Oh, and the nice Dietician I met says that stress may be a factor in all this unpleasantness, so maybe avoid stressful situations for a while.

Did I mention that currently my working situation is possibly the most stressful that I have ever experienced in my entire life? No? Are you sure? I'm pretty sure that's the type of thing I would have mentioned.

Kids, if you are ever thinking of setting up your own online Start-Up in the middle of the worst recession the country has ever known, take my advice. Use your Start-Up to invent a time machine, go back in time to before you had the idea to launch a Time Machine Start-Up and slap yourself, very, very strongly (I'm pretty sure this is Steorn's business plan).

Things are going swimmingly with my Start-Up, but to glide through the online waters with the tranquil grace of a Swan Zen Master, my feet are paddling below the water line with the fevered frenzy of a hummingbird on crack. There should be good news to report soon but the effort required to bring you that news might send me out jogging with Pheidippides.

(look it up kids, it's a classical reference)

So, I have basically experienced a near-complete Fun-andectomy, where all the guilty pleasures one normally enjoys have been surgically removed from my life. First-World-Problems, I know, but let's just say this has not had a positive effect on my general disposition and, truth be told, I wasn't the most light-hearted, positive and upbeat person in the world to begin with.

Every time that I sat down to write something recently, I ended up trapped in a structureless rant (yes, even more structureless than normal) against whatever hapless target ended up in my crosshairs.

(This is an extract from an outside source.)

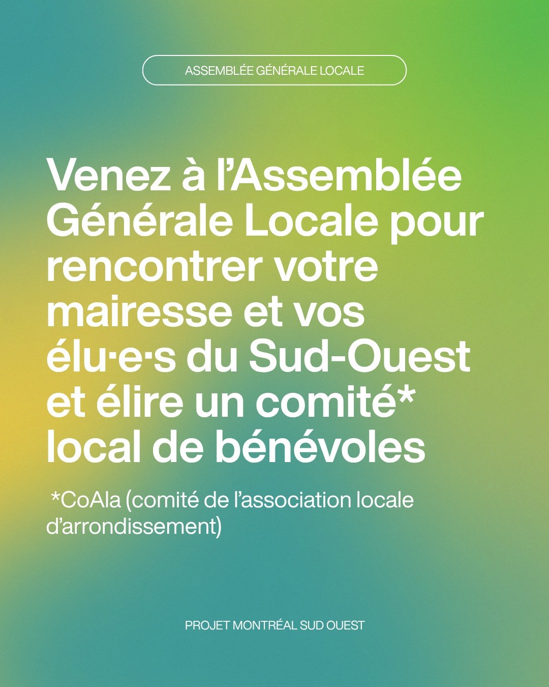 Vous êtes donc invité·es à une assemblée générale locale afin de rencontrer notre Mairesse, Véronique Fournier, nos conseillers Elise Tanguay, Catherine Houbart, Nicolas Jolicoeur et Jonathan Burnham ainsi que d’élire un comité local, composé de bénévoles, le CoALA (comité de l’association locale d’arrondissement).

While exorcising that poison from my head made me feel momentarily less bad, it certainly wouldn't have been a good experience for anyone else to read it and, quite possibly, may have led to several prosecutions for defamation and/or grammatical errors.

Now that I have had some time to come to terms with my new gastronomic monasticism, I feel that I can return to the keyboard without offending the unfortunate reader who happens upon this blog. Or at least, I am less likely to offend them for the wrong reasons.

Seriously though, I'm really sick of potatoes.